# Sample question

• August 26th 2006, 10:46 AM
andy_atw
Sample question
I have been away from math for a while. I appreciate the help here tremendously.

the problem: In manufacturing, a sample of 4 items from a lot of 100 is taken.
The lot is rejected if at least 1 is defective.
Graph the probability that the lot is accepted as a function of the percentage of defective items in the lot.

I included an attachment that tries to explain my thought process on the attached problem. I am completely stuck like chuck on the graph also.

If the attachment doesn't work I saved it to a link also.

Andy

• August 26th 2006, 12:29 PM
JakeD
Quote:

Originally Posted by andy_atw
the problem: In manufacturing, a sample of 4 items from a lot of 100 is taken.
The lot is rejected if at least 1 is defective.
Graph the probability that the lot is accepted as a function of the percentage of defective items in the lot.

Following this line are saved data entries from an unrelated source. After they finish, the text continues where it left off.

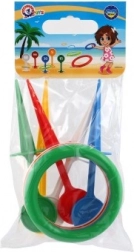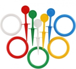 Egyszerű szabályok: szúrjuk a cövekeket a földbe és dobjuk rájuk a színes karikákat. Aki eltalálja, pontokat szerez! Az élénk színeknek és a cövekek valamint karikák változatosságának köszönhetően a játék könnyen felismerhető és vonzó tevékenység.
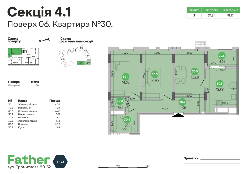 Планування 2-кімнатної квартири: №30, 81.17 м²
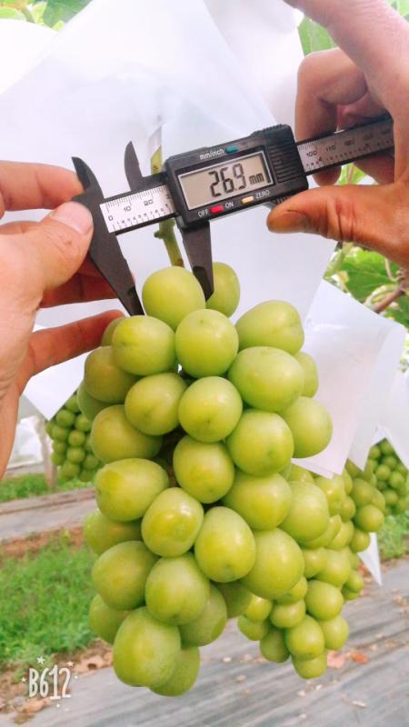 “減少數(shù)量只是葡萄‘計劃生育的’一部分,還要下狠心疏枝、疏花、疏果。葡萄一般畝產(chǎn)3000公斤,我的葡萄畝產(chǎn)量控制在1500公斤以內(nèi)。種出好品質(zhì)的水果,疏果是關(guān)鍵,一串葡萄留50——60粒,我們還要對葡萄粒進行直徑測試,對病果、弱果及時疏果,達到高端葡萄品質(zhì),成熟后一串保證在600——750克重,外形也比較好看。”楊建話語種經(jīng)常提及“品質(zhì)”兩字。

A lot is accepted if none are defective. So the probability is $P(\text{accepted}) = P(4\ \text{not\ de{f}ective}) = (1 - k/100)^4 .$
• August 26th 2006, 03:07 PM
andy_atw
explain
Jake...I have been pondering the problem for a while now, and I am not grasping the logic in determining the answer. please explain further. thanks
• August 26th 2006, 05:29 PM
JakeD
Quote:

Originally Posted by andy_atw
Jake...I have been pondering the problem for a while now, and I am not grasping the logic in determining the answer. please explain further. thanks

Arghh, you're right. Sorry about that. I used a sample with replacement. This should be a sample without replacement.

So using the hypergeometric distribution the probability of no defectives is $\frac{{k \choose 0}{100-k \choose 4}}{{100 \choose 4}} = \frac{{100-k \choose 4}}{{100 \choose 4}}.$ This is the number of ways of choosing 4 out of 100-k nondefectives over the number of ways of choosing 4 out of 100.